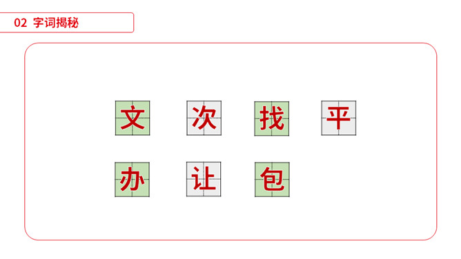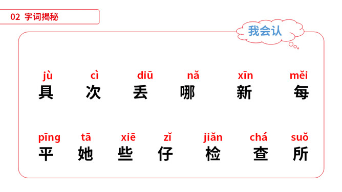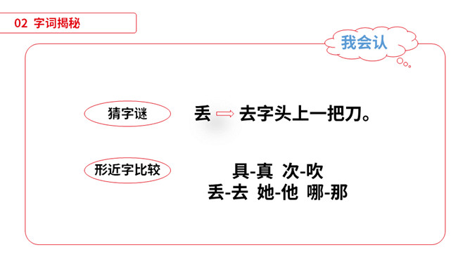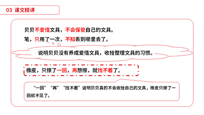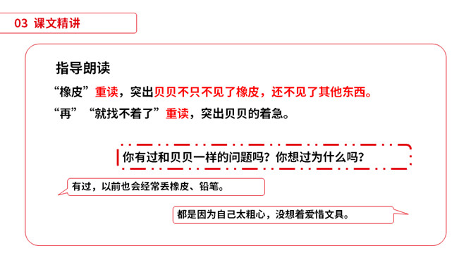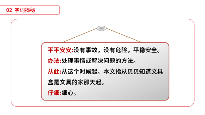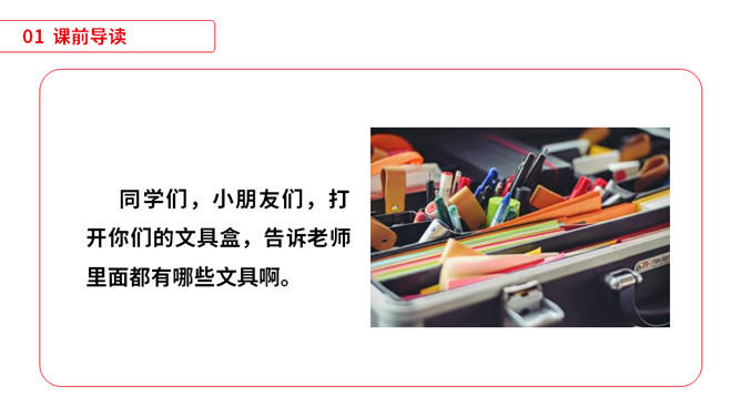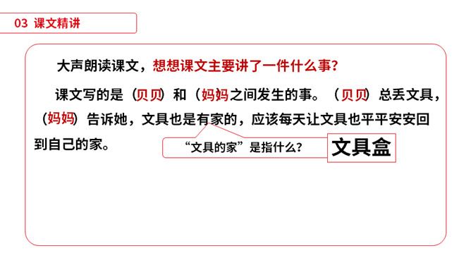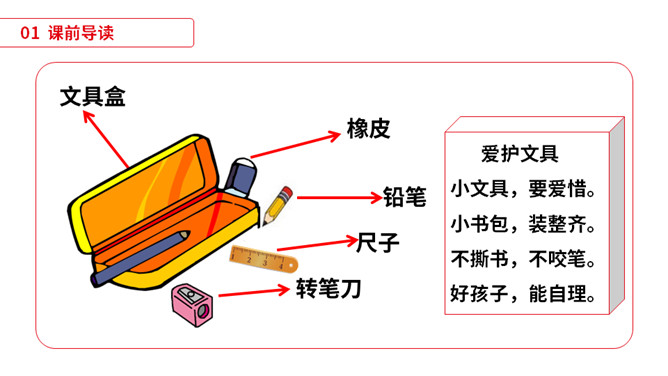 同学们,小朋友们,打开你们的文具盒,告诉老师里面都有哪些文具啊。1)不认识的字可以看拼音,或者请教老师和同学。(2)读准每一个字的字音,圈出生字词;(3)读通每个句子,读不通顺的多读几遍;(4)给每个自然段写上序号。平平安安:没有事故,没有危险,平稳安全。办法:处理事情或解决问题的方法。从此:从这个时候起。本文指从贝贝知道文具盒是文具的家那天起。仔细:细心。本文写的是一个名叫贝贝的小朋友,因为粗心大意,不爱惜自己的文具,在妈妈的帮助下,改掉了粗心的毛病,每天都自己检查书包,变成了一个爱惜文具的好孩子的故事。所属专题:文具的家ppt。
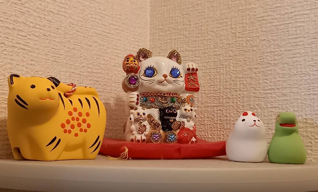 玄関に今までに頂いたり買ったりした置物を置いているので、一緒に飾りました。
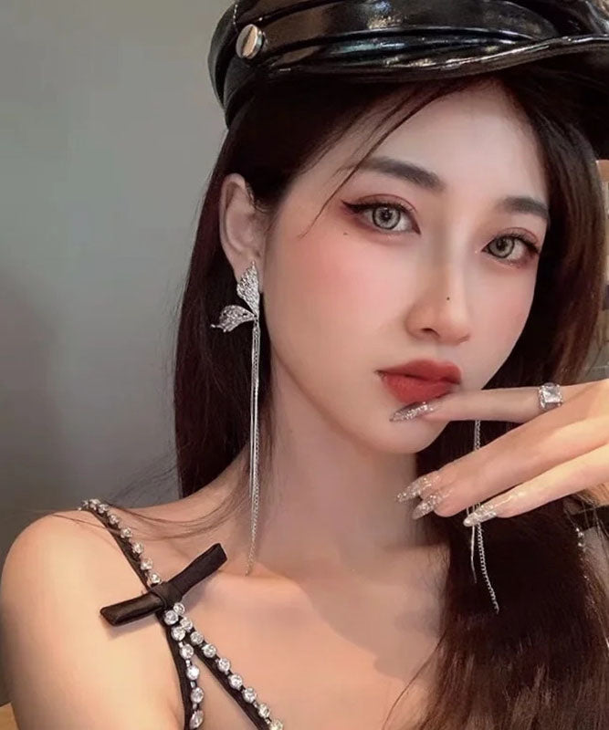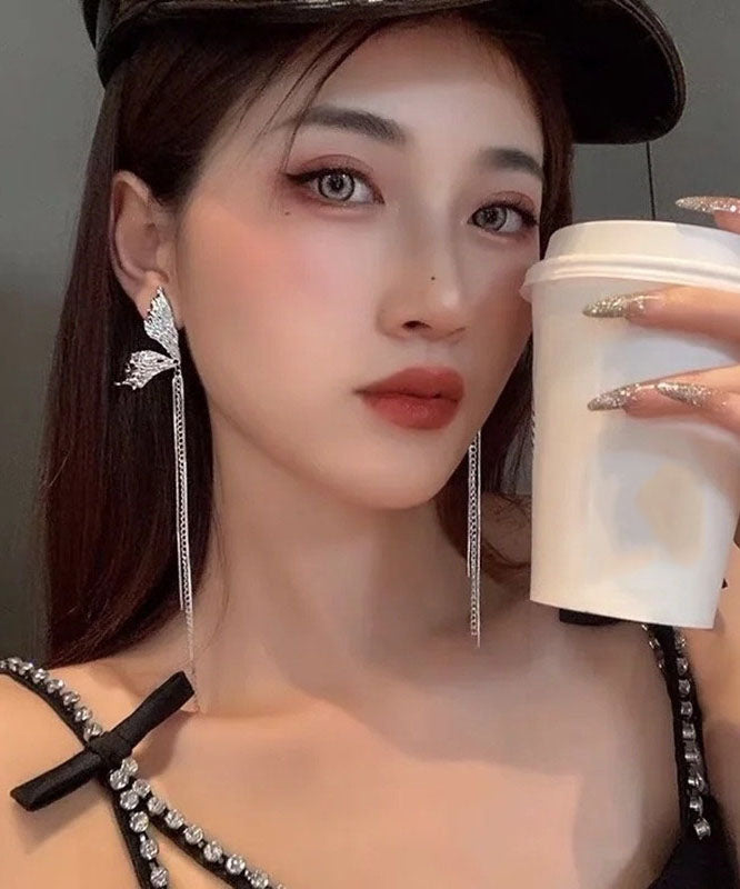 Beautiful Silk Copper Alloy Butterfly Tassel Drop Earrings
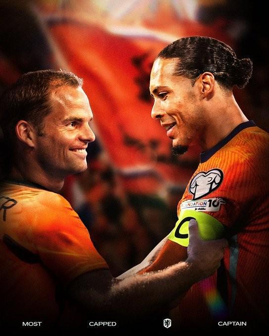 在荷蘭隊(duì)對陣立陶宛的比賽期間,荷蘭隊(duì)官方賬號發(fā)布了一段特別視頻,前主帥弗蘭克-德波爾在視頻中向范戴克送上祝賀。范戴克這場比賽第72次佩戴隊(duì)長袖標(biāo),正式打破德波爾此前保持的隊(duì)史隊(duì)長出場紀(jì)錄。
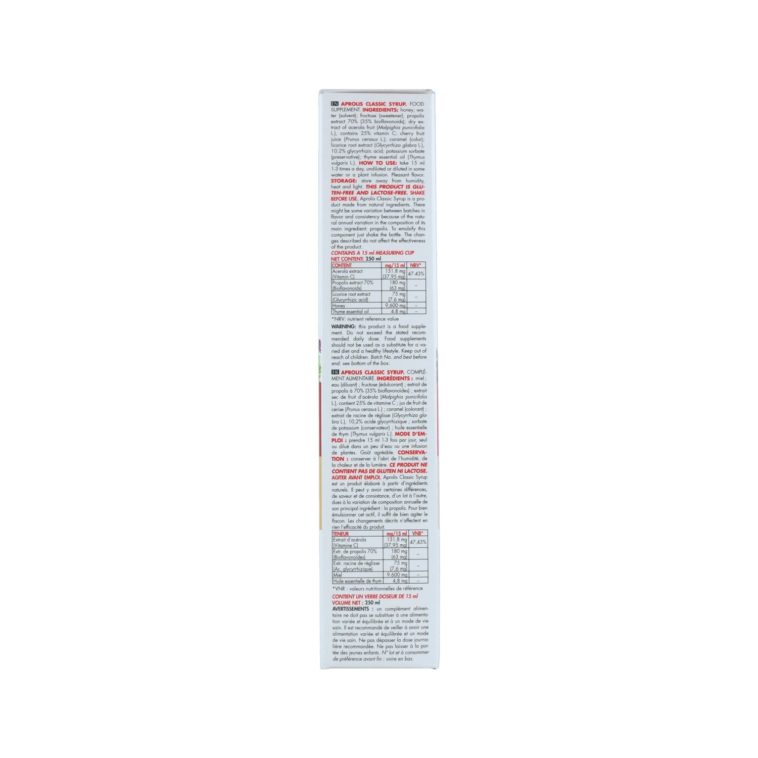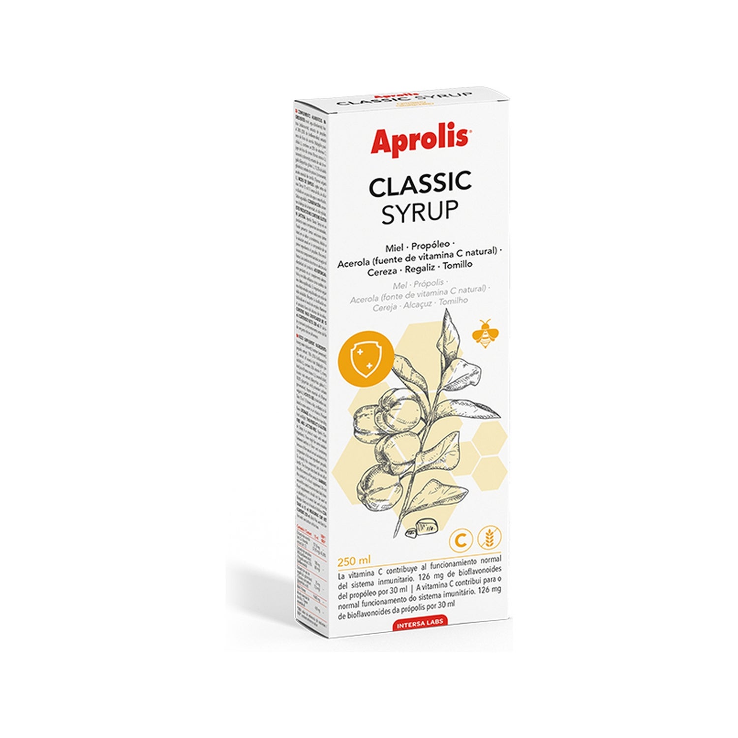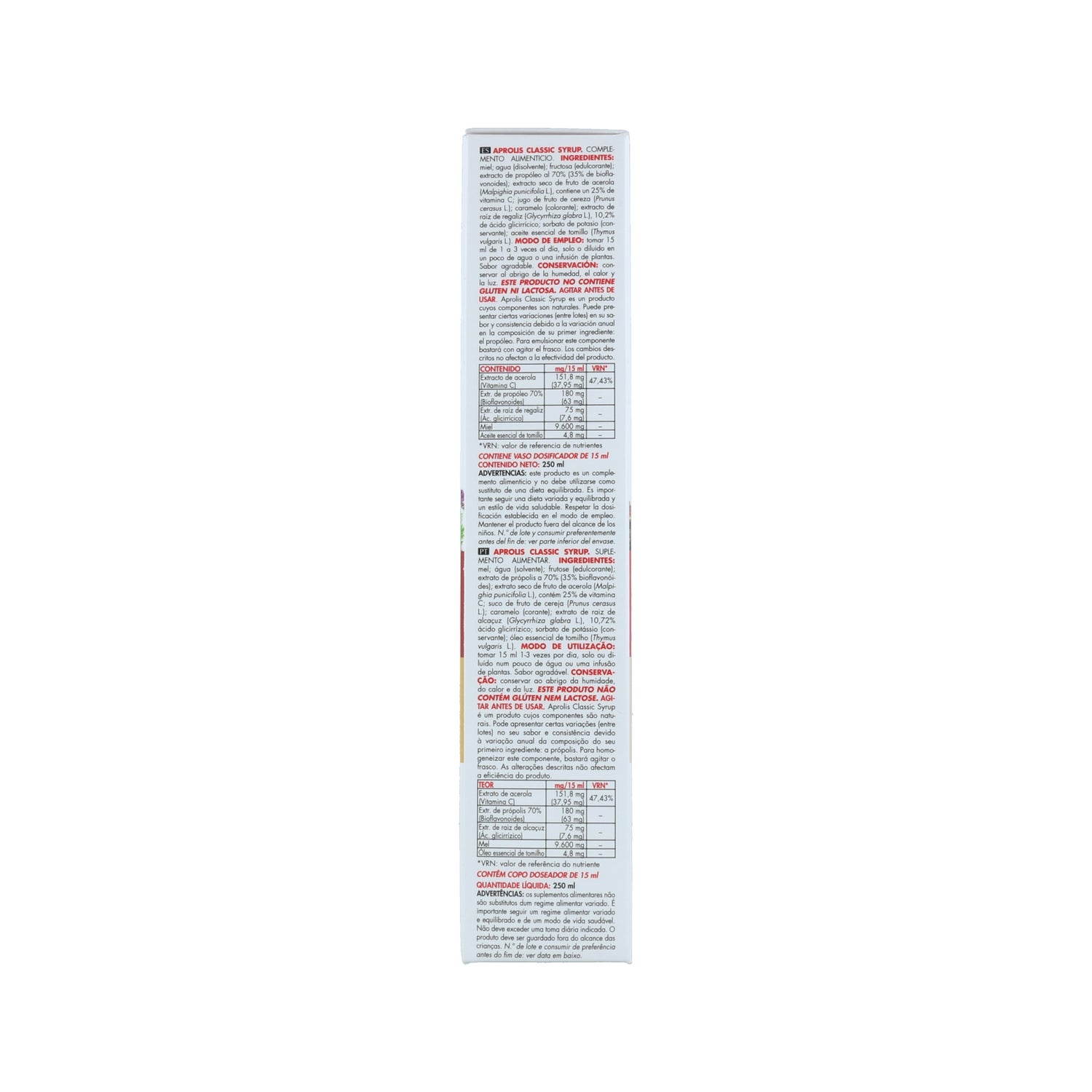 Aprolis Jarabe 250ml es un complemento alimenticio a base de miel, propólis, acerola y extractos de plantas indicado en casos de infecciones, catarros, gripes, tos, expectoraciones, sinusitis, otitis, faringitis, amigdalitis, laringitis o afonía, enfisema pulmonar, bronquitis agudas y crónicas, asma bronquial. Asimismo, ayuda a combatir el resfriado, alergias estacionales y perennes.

◆ ◆ ◆ ◆ ◆

WORK ITEM:
With pictures removed, write out exactly each line of the entries from the first through the line that holds "在荷蘭隊(duì)對陣立陶宛".

ANSWER SPACE:
 同学们,小朋友们,打开你们的文具盒,告诉老师里面都有哪些文具啊。1)不认识的字可以看拼音,或者请教老师和同学。(2)读准每一个字的字音,圈出生字词;(3)读通每个句子,读不通顺的多读几遍;(4)给每个自然段写上序号。平平安安:没有事故,没有危险,平稳安全。办法:处理事情或解决问题的方法。从此:从这个时候起。本文指从贝贝知道文具盒是文具的家那天起。仔细:细心。本文写的是一个名叫贝贝的小朋友,因为粗心大意,不爱惜自己的文具,在妈妈的帮助下,改掉了粗心的毛病,每天都自己检查书包,变成了一个爱惜文具的好孩子的故事。所属专题:文具的家ppt。
 玄関に今までに頂いたり買ったりした置物を置いているので、一緒に飾りました。
 Beautiful Silk Copper Alloy Butterfly Tassel Drop Earrings
 在荷蘭隊(duì)對陣立陶宛的比賽期間,荷蘭隊(duì)官方賬號發(fā)布了一段特別視頻,前主帥弗蘭克-德波爾在視頻中向范戴克送上祝賀。范戴克這場比賽第72次佩戴隊(duì)長袖標(biāo),正式打破德波爾此前保持的隊(duì)史隊(duì)長出場紀(jì)錄。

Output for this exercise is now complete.